Scavenged current gets a regular boost

Scavenged current gets a regular boost

The market for energy scavenged from the environment is buoyant at the moment due to the demand for self powered sensor clusters for Internet of Things applications. Sensors are being placed in areas where it would be hard to connect to the mains or replace batteries, so drawing energy from the environment is the logical solutions.

The simplest of these clusters will contain a sensor, a microcontroller and a wireless transmitter in addition to the energy scavenging technology, storage and regulation. At a set time, the microcontroller will wake, prompt the sensor for a reading and transmit the reading to the wireless hub. This template has become very popular and manufacturers have produced very low-powered components for these applications. But, some industries are either looking for more functionality, or for smaller solutions and that has posed a challenge to manufacturers. How do you supply enough current without a battery? What if the sensor cluster needs the energy to receive commands and control an output?

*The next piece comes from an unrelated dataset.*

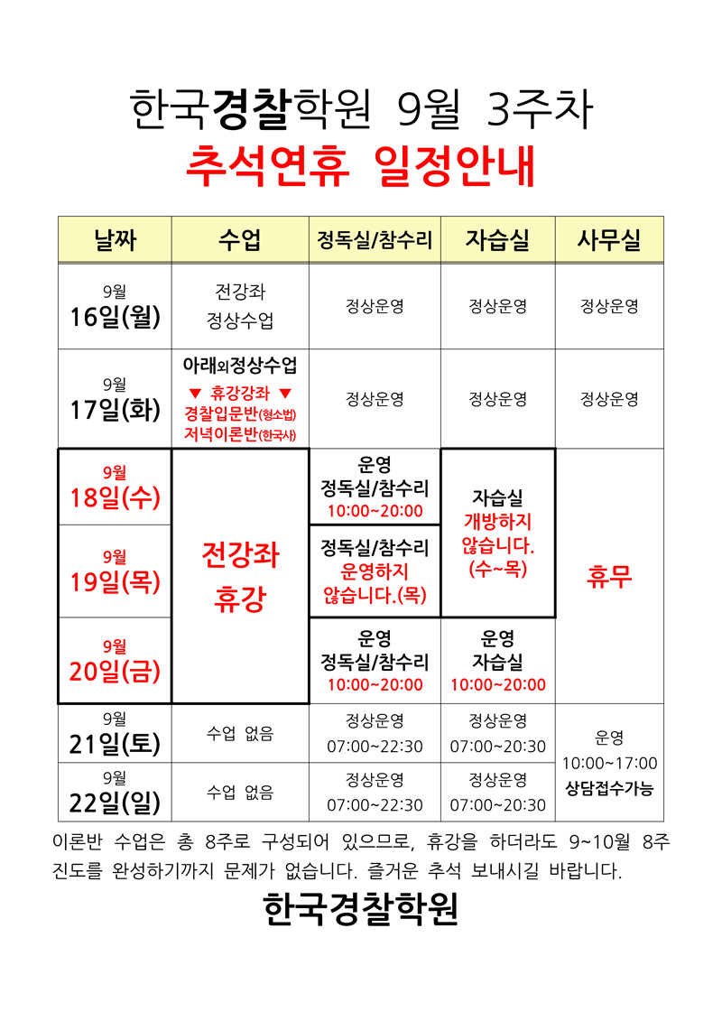 9월 3주차, 추석연휴 학원일정 안내입니다.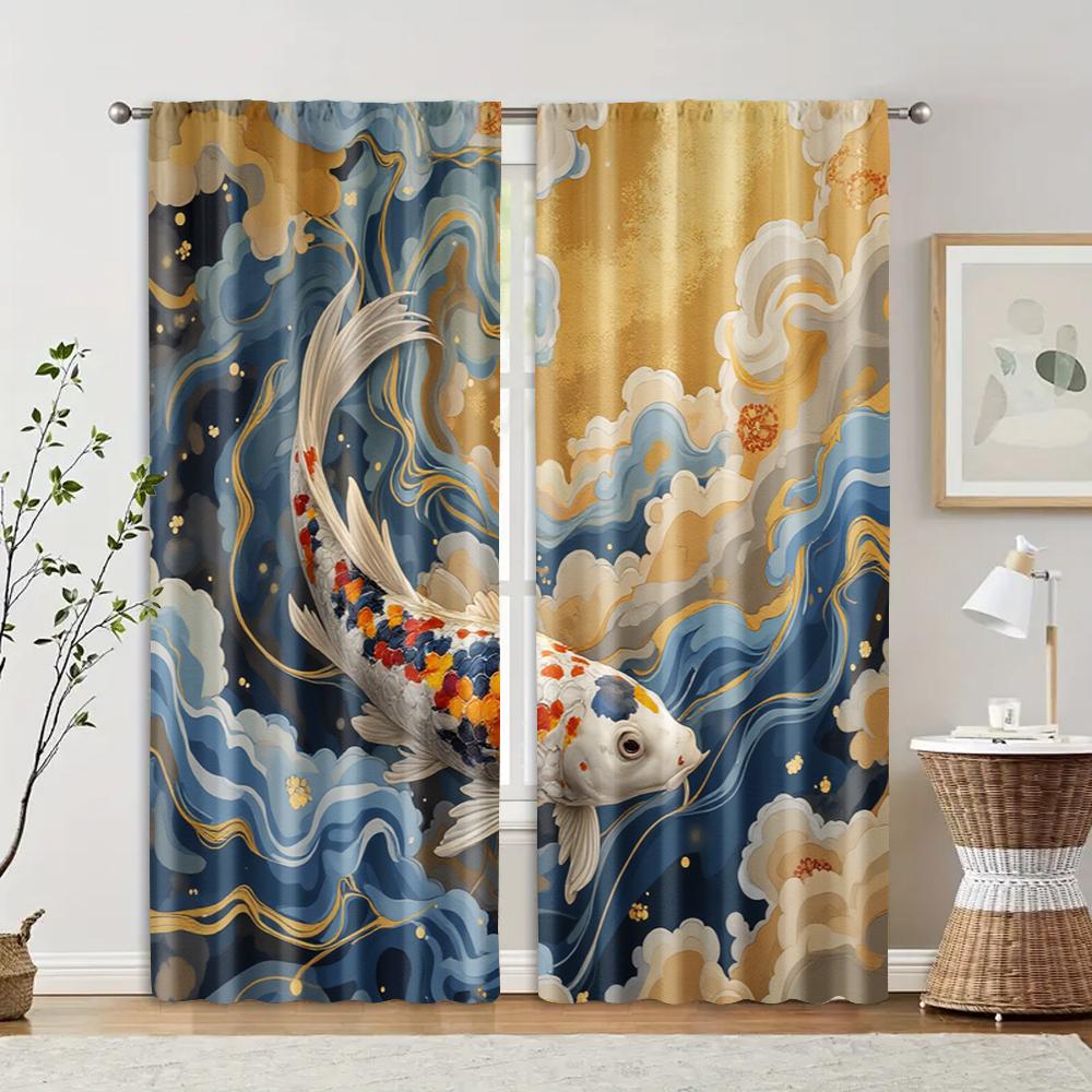 2 pcs filtering curtains (excluding rods non-movable without batteries) Japanese Koi for use in bedrooms and living rooms

Now, researchers at the university of Alberta may have stumbled on a solution. One PhD student, Jun Liu, was using an atomic force microscope, which uses a cantilever type sensor to “feel” the object, in an unrelated experiment, when he noticed a current when there was meant to be no electricity applied. He decided to get to the bottom of the situation and found it was the friction between the probe and the material causing the current to flow. Liu likens the phenomenon to generating static electricity by rubbing a carpet, but in this case the electricity wasn’t a high voltage discharged at once like static electricity, it generated a constant, regular current.

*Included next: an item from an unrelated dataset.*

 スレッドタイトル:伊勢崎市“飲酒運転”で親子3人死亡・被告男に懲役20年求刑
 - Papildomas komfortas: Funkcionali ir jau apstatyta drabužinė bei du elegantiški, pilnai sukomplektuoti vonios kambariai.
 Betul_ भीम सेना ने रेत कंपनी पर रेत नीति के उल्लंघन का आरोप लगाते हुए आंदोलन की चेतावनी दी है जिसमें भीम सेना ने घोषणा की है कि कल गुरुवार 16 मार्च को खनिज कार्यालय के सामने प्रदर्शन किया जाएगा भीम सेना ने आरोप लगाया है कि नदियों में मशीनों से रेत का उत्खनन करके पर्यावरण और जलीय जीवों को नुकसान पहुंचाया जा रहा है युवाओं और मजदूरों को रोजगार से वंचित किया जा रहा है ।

The discovery could have huge ramifications for the power industry. Nanoscale generators could generate a constant current from almost any source, which would revolutionise the development of sensor clusters initially and the industry as a whole eventually. Sensors could be placed inside engines or other machinery and generate their own power from the vibrations, meaning the microcontroller could always be on and listening for instructions. Larger self-powered clusters may be developed with a much higher level of functionality than just wake, measure and send.

The paper by Liu and his fellow researchers at the University of Alberta was published in Nature Nanotechnology and can now be found online. It is called, “Direct-current triboelectricity generation by a sliding Schottky nanocontact on MoS2 multilayers” by Jun Liu, Ankur Goswami, Keren Jiang, Faheem Khan, Seokbeom Kim, Ryan McGee, Zhi Li, Zhiyu Hu, Jungchul Lee & Thomas Thundat.